→ **The problem**
Look below for the line with "Separator Week delivers" and the line with "These Pumpkin Pie". Copy exactly those two lines and every line between, but not the pictures.

(Extracted data entries)
· · ·

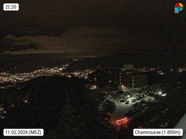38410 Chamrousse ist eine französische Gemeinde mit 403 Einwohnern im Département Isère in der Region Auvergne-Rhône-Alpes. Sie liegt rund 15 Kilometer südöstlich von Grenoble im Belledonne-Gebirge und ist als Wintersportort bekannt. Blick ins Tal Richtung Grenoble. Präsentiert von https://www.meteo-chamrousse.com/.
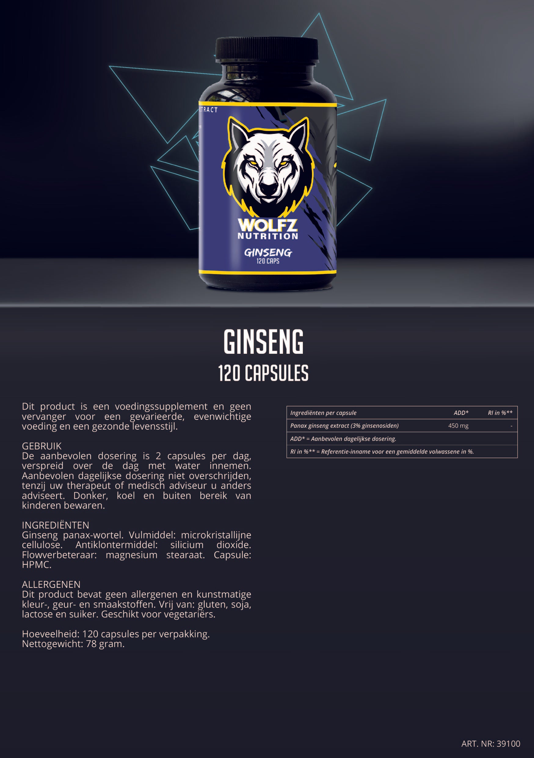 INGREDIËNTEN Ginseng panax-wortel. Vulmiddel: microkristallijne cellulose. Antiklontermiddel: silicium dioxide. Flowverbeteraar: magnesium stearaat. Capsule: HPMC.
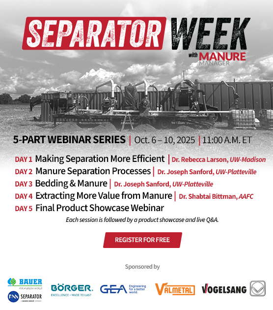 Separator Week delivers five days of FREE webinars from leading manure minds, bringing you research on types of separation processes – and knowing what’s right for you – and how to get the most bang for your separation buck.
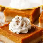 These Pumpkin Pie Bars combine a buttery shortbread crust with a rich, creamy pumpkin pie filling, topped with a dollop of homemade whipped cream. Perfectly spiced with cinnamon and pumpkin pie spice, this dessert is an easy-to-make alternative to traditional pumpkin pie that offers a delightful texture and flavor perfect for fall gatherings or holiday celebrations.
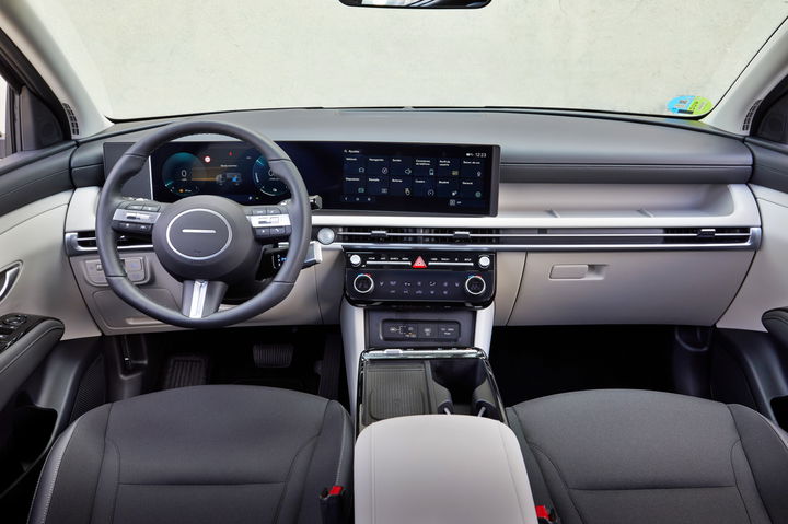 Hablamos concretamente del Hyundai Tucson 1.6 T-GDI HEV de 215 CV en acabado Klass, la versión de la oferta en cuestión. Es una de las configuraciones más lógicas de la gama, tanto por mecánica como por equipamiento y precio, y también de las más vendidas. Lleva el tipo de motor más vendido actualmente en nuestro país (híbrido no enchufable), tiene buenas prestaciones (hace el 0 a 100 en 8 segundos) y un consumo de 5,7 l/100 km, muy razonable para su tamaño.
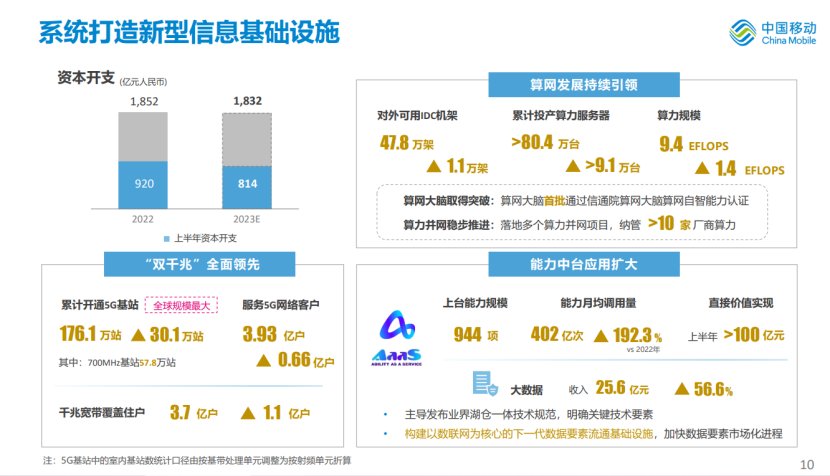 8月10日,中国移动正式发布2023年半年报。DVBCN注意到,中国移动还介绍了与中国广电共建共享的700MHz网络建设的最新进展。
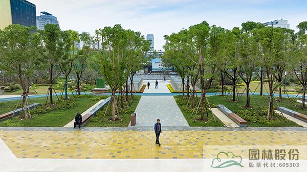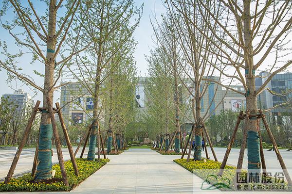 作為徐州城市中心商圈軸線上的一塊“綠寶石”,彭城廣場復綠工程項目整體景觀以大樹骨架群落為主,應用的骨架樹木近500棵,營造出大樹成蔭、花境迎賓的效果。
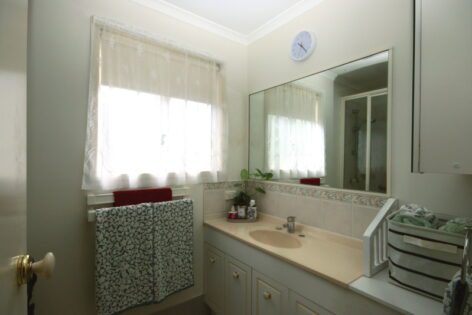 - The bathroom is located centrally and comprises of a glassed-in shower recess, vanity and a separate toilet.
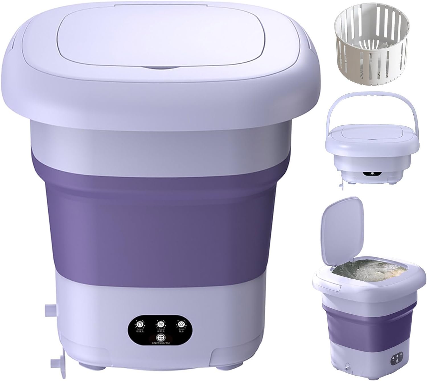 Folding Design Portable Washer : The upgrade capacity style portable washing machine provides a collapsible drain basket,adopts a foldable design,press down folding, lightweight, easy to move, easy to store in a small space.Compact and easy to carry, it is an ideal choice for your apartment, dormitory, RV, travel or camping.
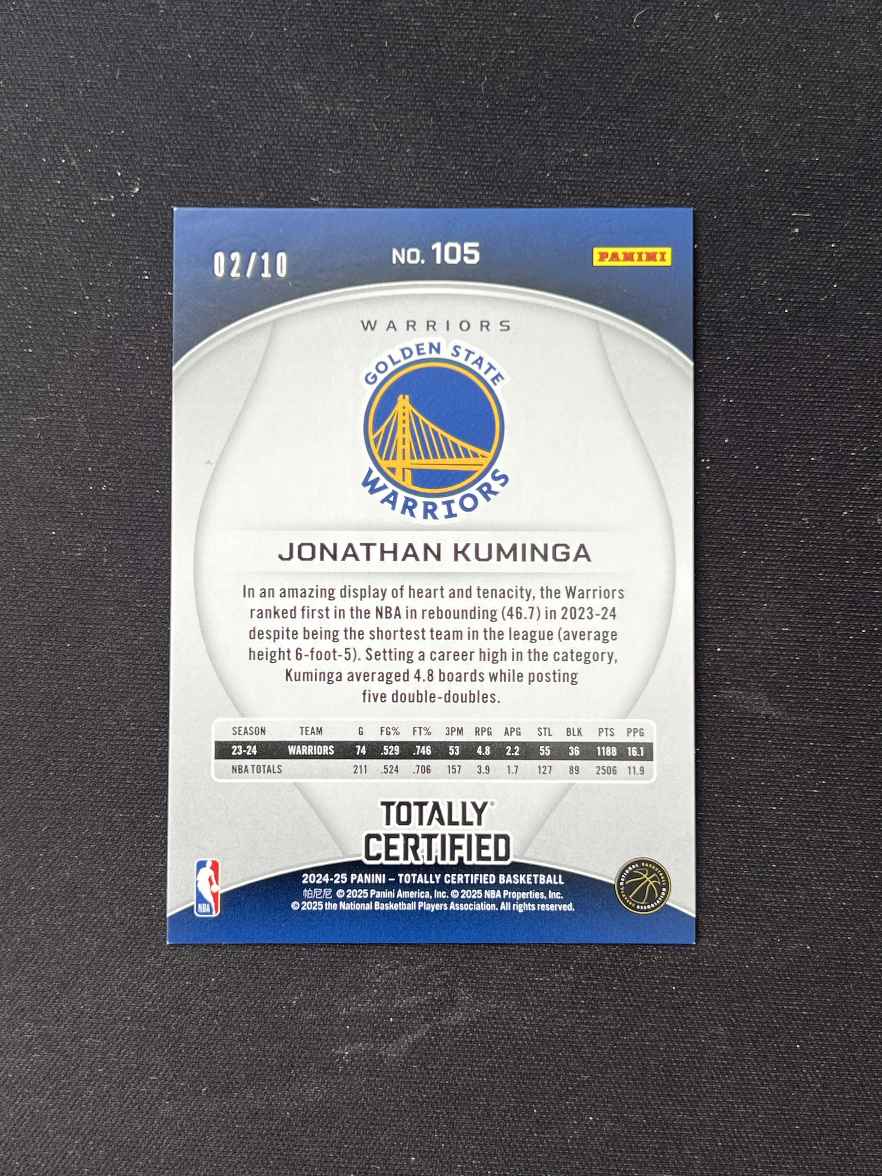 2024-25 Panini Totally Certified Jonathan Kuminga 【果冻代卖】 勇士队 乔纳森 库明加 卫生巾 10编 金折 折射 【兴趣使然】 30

· · ·

→ **Reply to the task**
 Separator Week delivers five days of FREE webinars from leading manure minds, bringing you research on types of separation processes – and knowing what’s right for you – and how to get the most bang for your separation buck.
 These Pumpkin Pie Bars combine a buttery shortbread crust with a rich, creamy pumpkin pie filling, topped with a dollop of homemade whipped cream. Perfectly spiced with cinnamon and pumpkin pie spice, this dessert is an easy-to-make alternative to traditional pumpkin pie that offers a delightful texture and flavor perfect for fall gatherings or holiday celebrations.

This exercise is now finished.